### Dataset records
[Start of section]

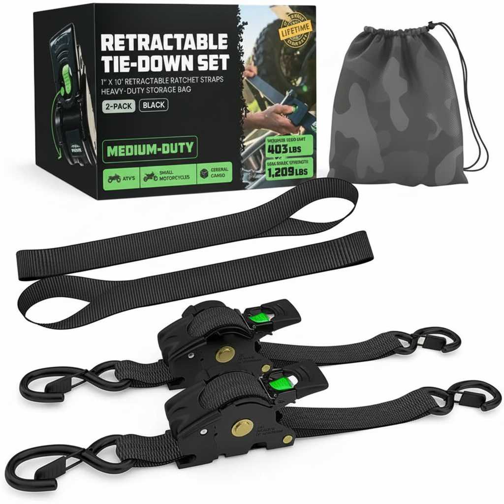 This set is engineered with a retractable mechanism that shortens or extends as needed. Whether you're managing equipment for a vehicle, workshop, or outdoor event, the straps respond to motion and shifting surfaces with consistent pull tension.
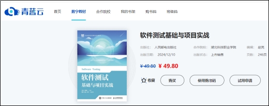 本网讯(通讯员 王智超 文/图)12月10日,软件工程学院首部数字化教材《软件测试基础与项目实战》获得电子出版物号并在人民邮电出版社青蓝云数字教材平台正式上线,该教材将在我院软件技术专业开设的专业核心课程“软件测试”课程教学中使用。该数字化教材由我院软件测试教学团队在原有自编纸质教材基础上联合企业和兄弟院校历时一年多时间共同开发完成。
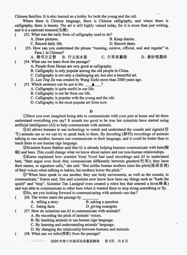 2024-2025學(xué)年重慶梁平區(qū)八年級(jí)下學(xué)期英語(yǔ)期末真題(圖片版)(5)
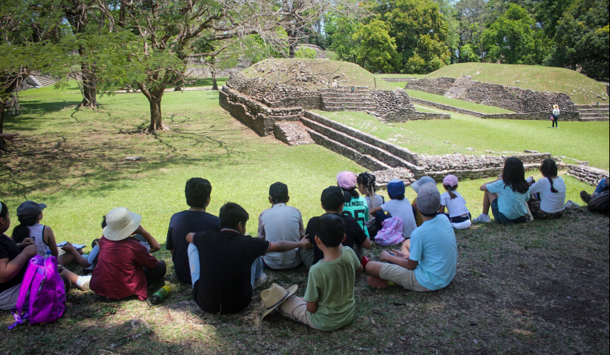 Acompañados por guías especializados, los pequeños exploradores vivieron una experiencia única al conocer de cerca las estructuras más emblemáticas del sitio, como el Templo de las Inscripciones, el Palacio, y la Plaza del Sol, aprendiendo sobre la historia, la arquitectura y la cosmovisión del mundo maya.
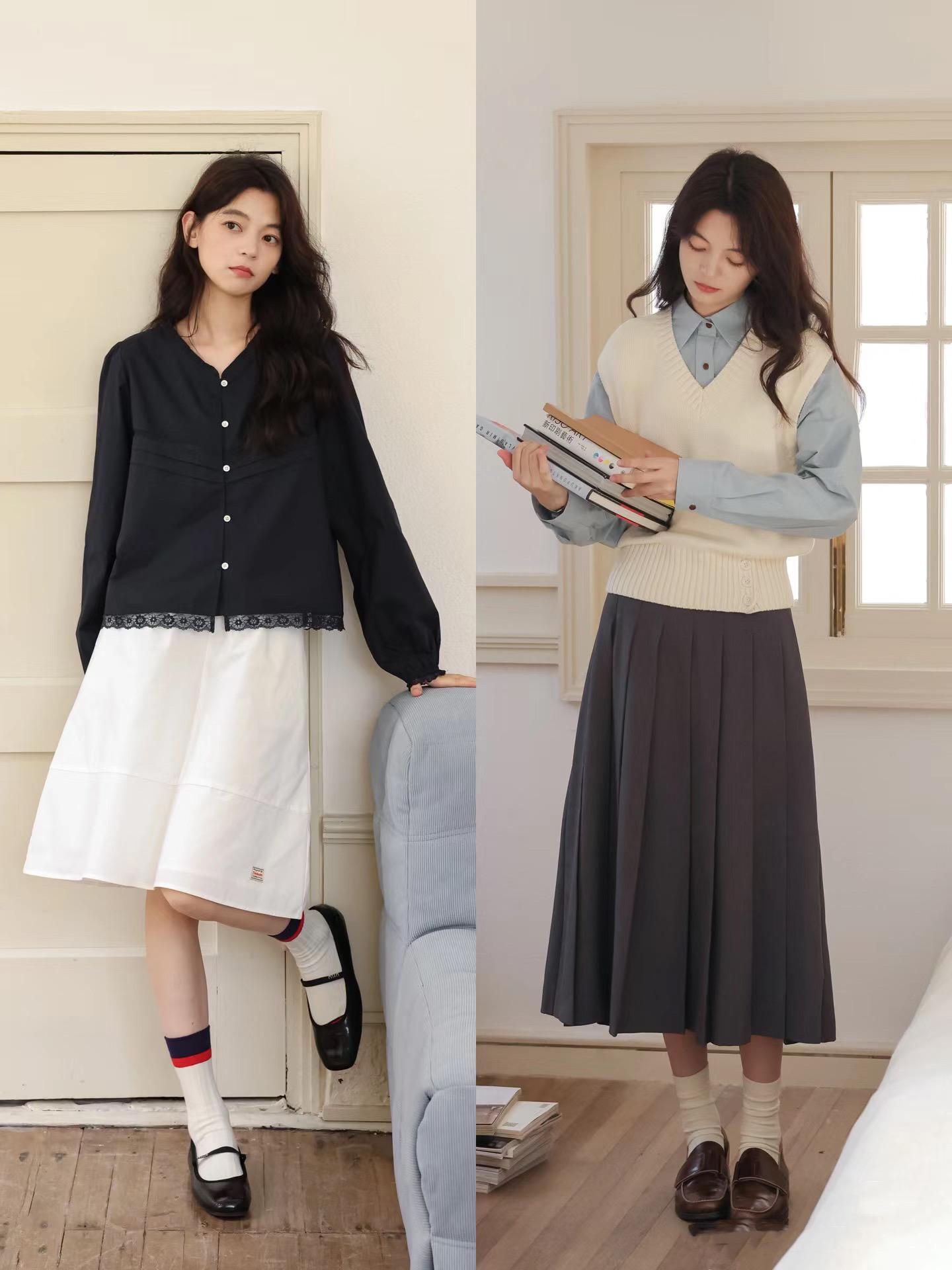 小個子的秋天:襯衫+馬甲、傘裙+樂福鞋、是標配,顯高又文藝
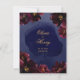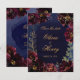 Um convite de casamento azul-marinho bordô com uma sinfonia de peônias vermelhas bordô profundas adornadas com spray dourado e contornos dourados brilhantes reunidos em torno de um fundo de lavagem de aquarela azul-marinho com seus nomes grandes em letra rústica dourada com uma fonte sem serifa maiúscula anunciando seus detalhes.
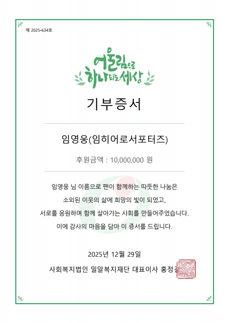 [헤럴드경제 = 서병기선임기자]임영웅의 팬클럽 ‘임히어로서포터즈’가 밀알복지재단에 1,000만원을 기부하며 따뜻한 연말 나눔에 동참했다.
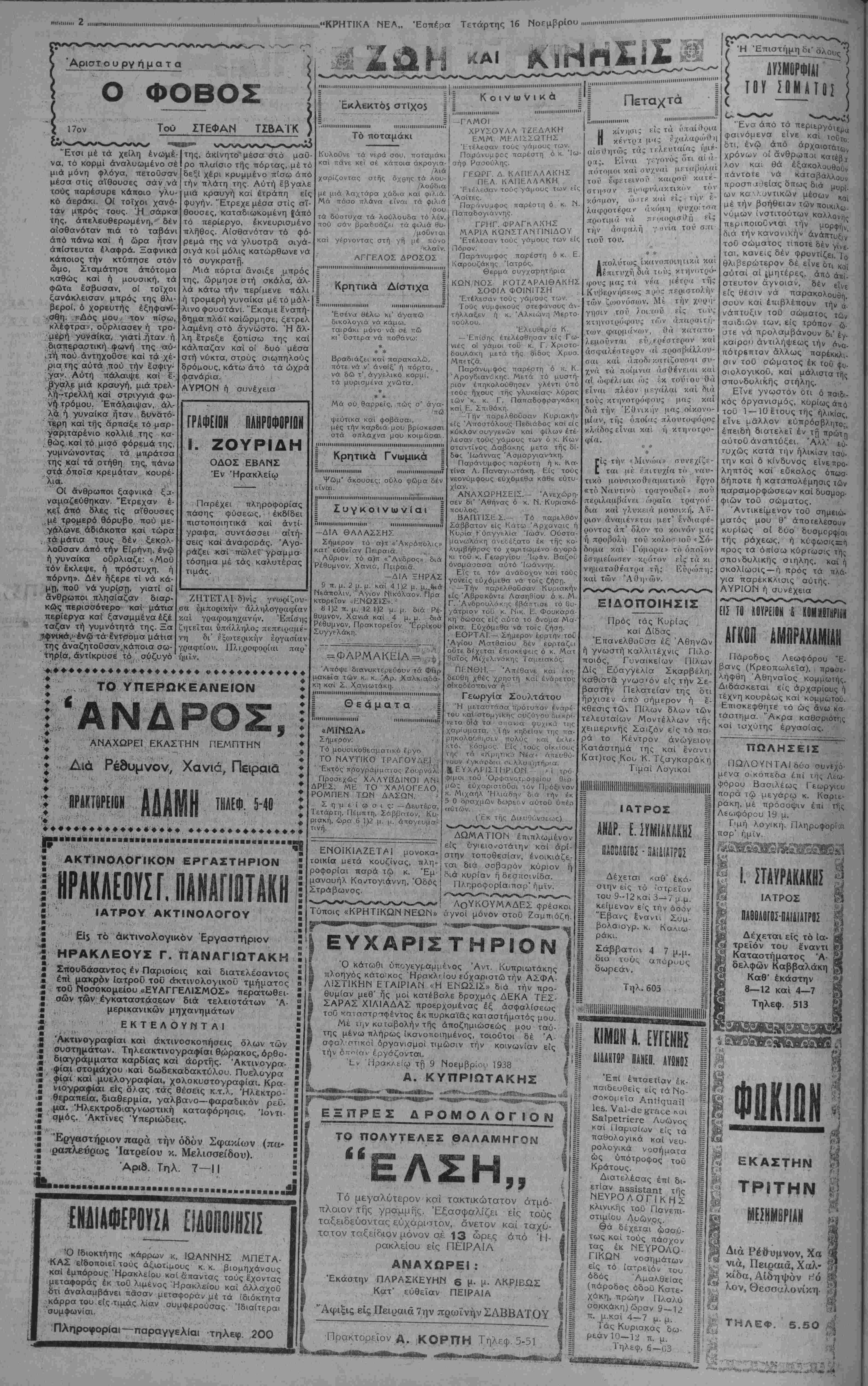 ΑΘΗΝΑΙ 16—11— 38 (τοΰ άνταιτοκρι.
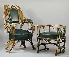 Antlers were already used in the late 15th century as a source material for clothes hooks, storage racks and chandeliers, the so-called "lusterweibchen".[2] Furniture made by antlers have been invented in the 19th century and can therefore be assigned to the Biedermeier period.[3] They were exclusively made for the European nobility to decorate their hunting castles and various manors. Historically mentioned horn furniture was developed in the year 1825 for a hunting castle of the count William of Nassau near Wiesbaden, Germany, A photograph of 1890 is the single existing evidence as the castles was destroyed in World War II and the interior furniture is regarded as lost. Further known collections of historic horn furniture are credited with the hunting room in the country estate of the Brandhof of the Archduke Johann of Austria or the antler collection of count Arco in Munich, Germany. Many other examples of horn furniture of that time can only be found with drawings and pictures, e.g. Joseph Danhauser (1780–1829) an Austrian furniture manufacturer left hundreds of drawing and another well-known aquarelle is the dressing room of Ferdinand Baron von Hildprandt.[4]
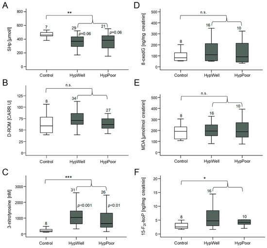 Markers of oxidative stress and antioxidant potential measured in plasma and in urine. (A) Amount of SHp (free thiol groups in proteins) as a marker of antioxidant potential in plasma. (B) Quantification of D-ROM (derivatives of reactive oxygen species) as a marker of lipid oxidation in plasma. (C) Measurement of 3-nitrotyrosine as a marker of nitrosative stress to proteins in plasma. (D) Detection of the oxidative DNA base-pair modification 8-oxodG excreted in urine. Quantification of (E) MDA (malondialdehyde) and (F) 15-F2t-IsoP (15-F2t-isoprostane) as markers of lipid peroxidation in urine. Shown in each case is the comparison between the control group, HypWell, and HypPoor, with the p values inserted next to the standard deviation bar. The brackets indicate the comparison of HypAll to the control. n.s. = nonsignificant, * p ≤ 0.05, ** p < 0.01, and *** p < 0.001. Numbers over the boxplots indicate the number of patient samples analyzed.

[End of section]

### Problem to work on
Each record above needs to be copied exactly, with images left out.

### Solution to this problem
 This set is engineered with a retractable mechanism that shortens or extends as needed. Whether you're managing equipment for a vehicle, workshop, or outdoor event, the straps respond to motion and shifting surfaces with consistent pull tension.
 本网讯(通讯员 王智超 文/图)12月10日,软件工程学院首部数字化教材《软件测试基础与项目实战》获得电子出版物号并在人民邮电出版社青蓝云数字教材平台正式上线,该教材将在我院软件技术专业开设的专业核心课程“软件测试”课程教学中使用。该数字化教材由我院软件测试教学团队在原有自编纸质教材基础上联合企业和兄弟院校历时一年多时间共同开发完成。
 2024-2025學(xué)年重慶梁平區(qū)八年級(jí)下學(xué)期英語(yǔ)期末真題(圖片版)(5)
 Acompañados por guías especializados, los pequeños exploradores vivieron una experiencia única al conocer de cerca las estructuras más emblemáticas del sitio, como el Templo de las Inscripciones, el Palacio, y la Plaza del Sol, aprendiendo sobre la historia, la arquitectura y la cosmovisión del mundo maya.
 小個子的秋天:襯衫+馬甲、傘裙+樂福鞋、是標配,顯高又文藝
 Um convite de casamento azul-marinho bordô com uma sinfonia de peônias vermelhas bordô profundas adornadas com spray dourado e contornos dourados brilhantes reunidos em torno de um fundo de lavagem de aquarela azul-marinho com seus nomes grandes em letra rústica dourada com uma fonte sem serifa maiúscula anunciando seus detalhes.
 [헤럴드경제 = 서병기선임기자]임영웅의 팬클럽 ‘임히어로서포터즈’가 밀알복지재단에 1,000만원을 기부하며 따뜻한 연말 나눔에 동참했다.
 ΑΘΗΝΑΙ 16—11— 38 (τοΰ άνταιτοκρι.
 Antlers were already used in the late 15th century as a source material for clothes hooks, storage racks and chandeliers, the so-called "lusterweibchen".[2] Furniture made by antlers have been invented in the 19th century and can therefore be assigned to the Biedermeier period.[3] They were exclusively made for the European nobility to decorate their hunting castles and various manors. Historically mentioned horn furniture was developed in the year 1825 for a hunting castle of the count William of Nassau near Wiesbaden, Germany, A photograph of 1890 is the single existing evidence as the castles was destroyed in World War II and the interior furniture is regarded as lost. Further known collections of historic horn furniture are credited with the hunting room in the country estate of the Brandhof of the Archduke Johann of Austria or the antler collection of count Arco in Munich, Germany. Many other examples of horn furniture of that time can only be found with drawings and pictures, e.g. Joseph Danhauser (1780–1829) an Austrian furniture manufacturer left hundreds of drawing and another well-known aquarelle is the dressing room of Ferdinand Baron von Hildprandt.[4]
 Markers of oxidative stress and antioxidant potential measured in plasma and in urine. (A) Amount of SHp (free thiol groups in proteins) as a marker of antioxidant potential in plasma. (B) Quantification of D-ROM (derivatives of reactive oxygen species) as a marker of lipid oxidation in plasma. (C) Measurement of 3-nitrotyrosine as a marker of nitrosative stress to proteins in plasma. (D) Detection of the oxidative DNA base-pair modification 8-oxodG excreted in urine. Quantification of (E) MDA (malondialdehyde) and (F) 15-F2t-IsoP (15-F2t-isoprostane) as markers of lipid peroxidation in urine. Shown in each case is the comparison between the control group, HypWell, and HypPoor, with the p values inserted next to the standard deviation bar. The brackets indicate the comparison of HypAll to the control. n.s. = nonsignificant, * p ≤ 0.05, ** p < 0.01, and *** p < 0.001. Numbers over the boxplots indicate the number of patient samples analyzed.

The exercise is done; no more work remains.